For purposes of the Employment Agreement, the Company will have “cause” to terminate Mr. Willsher’s employment upon the occurrence of any of his: (i) conviction of a felony, or plea of guilty or nolo contendere to, any felony or any crime of moral turpitude; (ii) repeated intoxication by alcohol or drugs during the performance of his duties; (iii) embezzlement or other willful and intentional misuse of any of the funds of the Company or its direct or indirect subsidiaries, (iv) commission of a demonstrable act of fraud; (v) willful and material misrepresentation or concealment on any written reports submitted to the Company or its direct or indirect subsidiaries; (vi) material breach of the Employment Agreement; (vii) failure to follow or comply with the reasonable, material and lawful written directives of the Board; or (vii) conduct constituting his material breach of the Company’s then current code of conduct or similar written policy.

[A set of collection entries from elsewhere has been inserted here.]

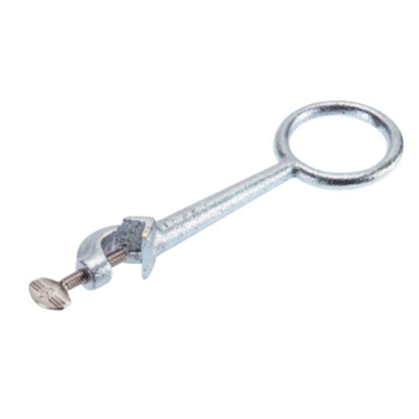 Distance from center of ring to center of clamp: 4.25" (108 mm). Plated. Attaches to support rods up to 0.75" (19 mm) in dia.
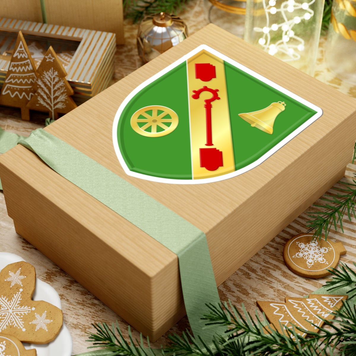 The central element is a shield, its backdrop a verdant green field, mirroring the village's surrounding landscape. A bold gold (yellow) diagonal band sweeps across the shield, from upper right to lower left. This band provides a stage for the main symbols.
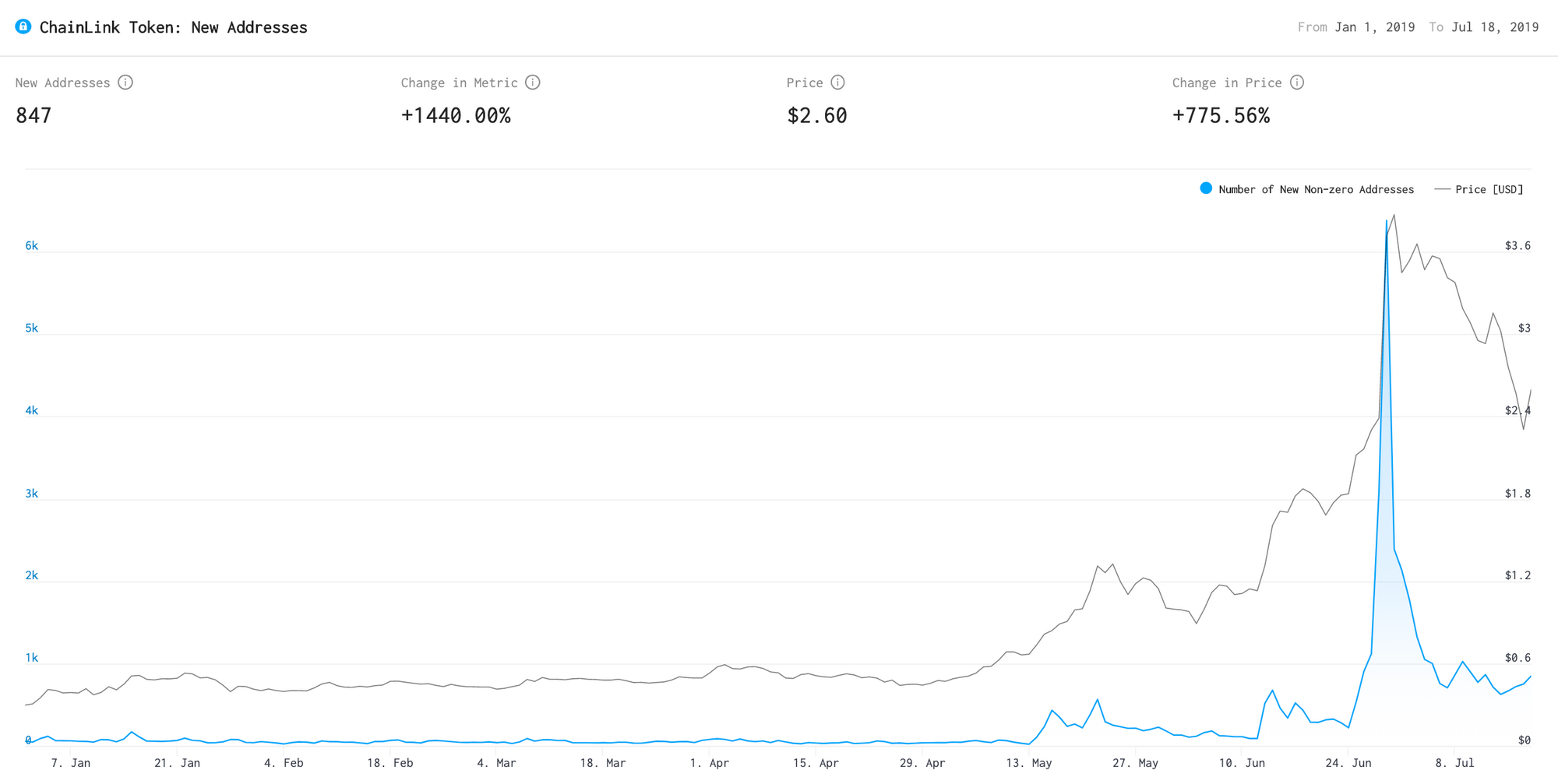 Similarly to the previous graph, the horizontal trend was broken in mid May. The lowest bucket increased considerably and kept that growth as time went on, indicating adoption of the Chainlink network by new players. This is further supported by the recent significant increase in newly created addresses. Even if we discount the large spike (likely due to Coinbase's deposit procedure), the number of daily new addresses has been increasing significantly since May,
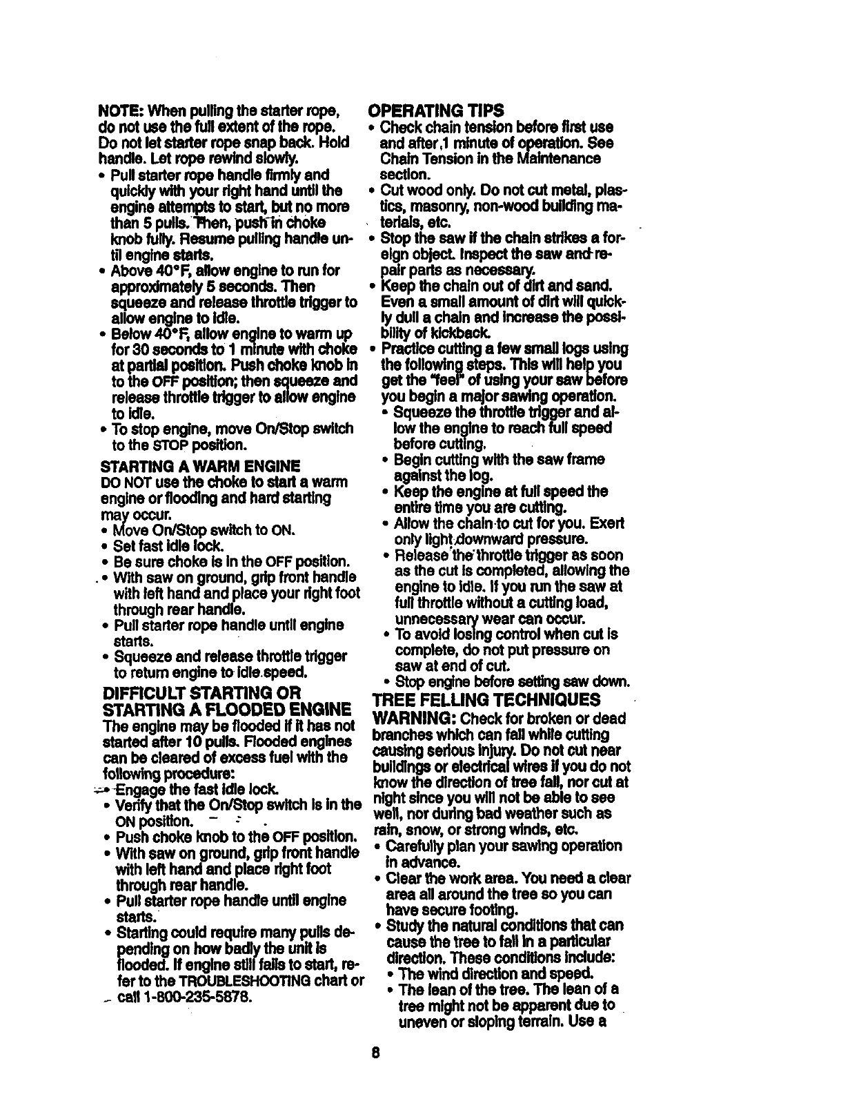 •Do not handle or operate a chain saw

For purposes of the Employment Agreement, Mr. Willsher will have “good reason” to terminate his employment with the Company upon the occurrence of any of the following without his written consent: (i) a relocation of his principal work location to a location more than 40 miles from its then current location; (ii) a reduction in his then current base salary or Target Bonus, or both; (iii) a material breach of any provision of the Employment Agreement by the Company; or (iv) any material reduction in his title, authority, duties, responsibilities or reporting relationship from those in effect as of the Effective Date, except to the extent such reduction occurs in connection with his termination of employment for “cause” or due to his death or “disability”.
The Employment Agreement provides for a Code Section 280G “best-net” cutback, which would cause an automatic reduction in any payments or benefits Mr. Willsher would receive which constitute parachute payments within the meaning of Code Section 280G, in the event such reduction would result in Mr. Willsher receiving greater payments and benefits on an after-tax basis.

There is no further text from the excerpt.